BRIEF
For the word "children", state the number of lines in the data that contain it, and nothing else.

MATERIAL FOR THIS TASK
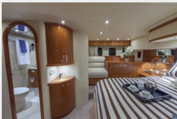
Master Looking to Starboard
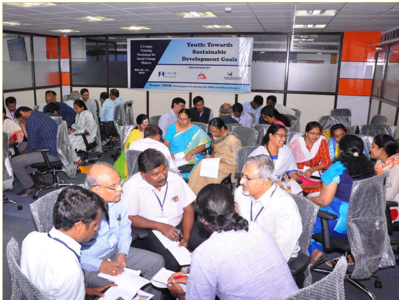
View of participants during group discussion
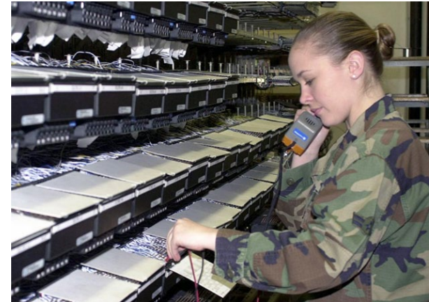
National Archives Identifier 6600730

We are also streaming at youtube.com/usnationalarchives
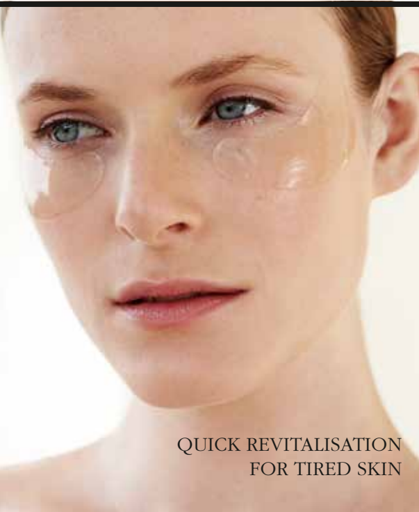
QUICK REVITALISATION FOR TIRED SKIN

When your face is tight, whether after a tiring day or a restless night, the skin often looks paler than usual. The best trick: stimulate the circulation. Vigorously tap the face for one minute with flat hands. An even more intense remedy is a cold shock – with ice-cold compresses or ice-cold water. Masks are also ideal for waking the skin up and stimulating its circulation. If you don't have one, you can also use an oil-based cream by applying a thicker layer than usual. Leave it on for 15 minutes, then wipe away any surplus. And if you have tired eyes, our Patch Gel Liftant will give them a wonderful freshness boost and a spectacular lifting effect.
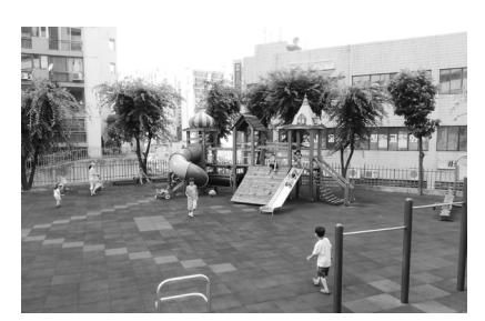
Photo 7. Sadang-dong, a classic scene in a high-rise estate: the children's playground.

ception, social content, image and subsidiary of production, the local public spaces respond to the same considerations in the conception of facilities adapted to the needs of resident populations: either purpose-built open spaces, such as children's playgrounds (photo 7), the most recently built of which sometimes include play fountains (photo 8) or closed common spaces, as in elderly care facilities. To this, one may add the various clubs frequented by women residing in the high-rise estates (clubs for sports, traditional dance, music, etc.). The maintenance of traditional practices may sometimes be observed in these new residential complexes. For example, the use of mats and small platforms placed on the edge of a playground where grandmothers sit down to look after their grandchildren. But these practices, tied to the corporeal postures of a "life lived near the ground" in domestic spaces traditionally lacking tall furniture, tend to die off with the individuals who embody them.
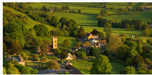
Village of Corton Denham, Somerset

The countryside is a rural area outside of a town or city. Less people live and work in the countryside than in a city.
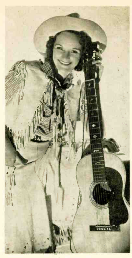
Patsy Montana, singing cowgirl on the WLS National Barn Dance. WLS, Chicago, always dresses in cowgirl fashion for personal appearances now. But her first appearance as a stage cowgirl was made in a black evening gown. It still embarrasses her to think about it.

Patsy was too stiff competition; so they asked her to join their act.
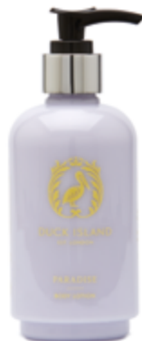
BODY LOTION CODE: P/BL250
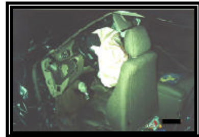
Figure 5. Interior view of the Pontiac Sunfire

The interior of the Chevrolet Cavalier sustained moderate damage that was associated with exterior deformation and driver contact ( Figure 5 ). The left instrument panel intruded into the driver's compartment due to rearward displacement of the left A-pillar. The left toe pan displaced approximately 10-12" rearward to a near vertical position. The unrestrained driver initiated a forward trajectory and loaded the steering assembly through the redesigned air bag. Her loading force deformed the upper and lower aspects of the steering wheel rim and probably compressed the energy absorbing steering column. This was evident by the close proximity of the steering wheel rim to the instrument panel. The driver's knees contacted and deformed the plastic knee bolster directly below and to the left of the steering column. Scuff marks identified both knee strikes to the bolster panel.
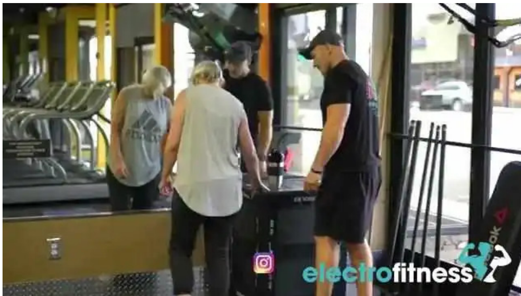
True living fitness llc gym
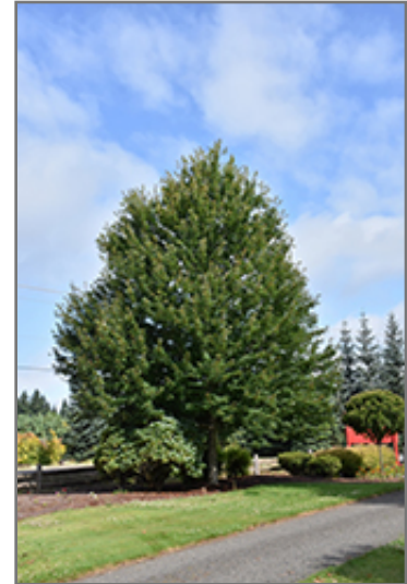
Redpointe Red Maple
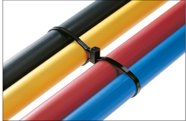
Parallel routing of two cable bundles using DH-Series. The double head creates an inside and an outside serrated loop.
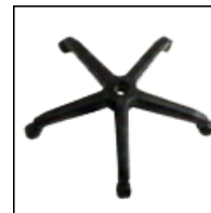
Aluminium die cast base
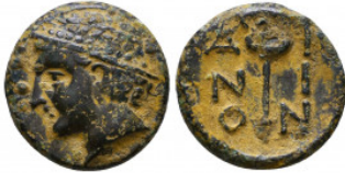
164 Greek Coins, Ae. (359-336 BC), Æ Reference: Condition: Very Fine Weight: 4.6 gr Diameter: 16 mm 1
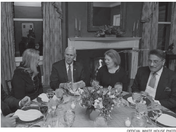
Seemingly unruffled by events, Pence enjoys a quiet family dinner.

Trump's star power, and you're left with Pence's position.
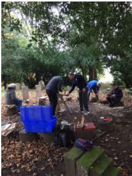
Ongoing work at Witton Dene
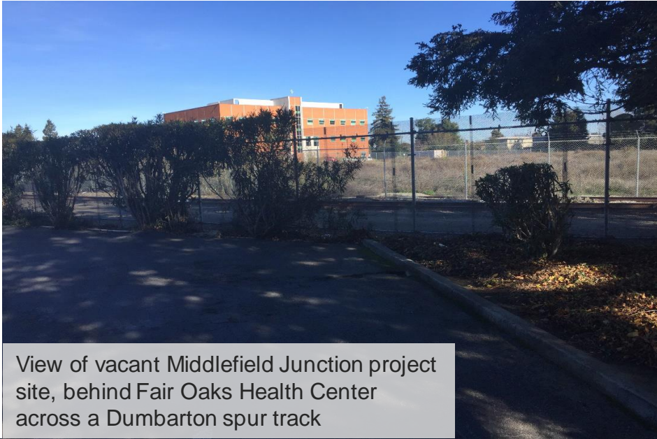
View of vacant Middlefield Junction project site, behind Fair Oaks Health Center across a Dumbarton spur track
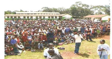
A section of the big crowd at kikuyu township primary school
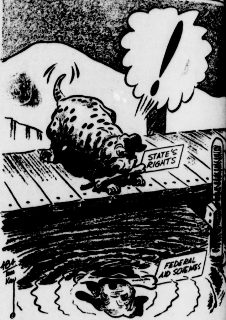
"Beware Lest You Lose the Substance by Grasping at the Shadow." - Aesop

WRITTEN SOLUTION
2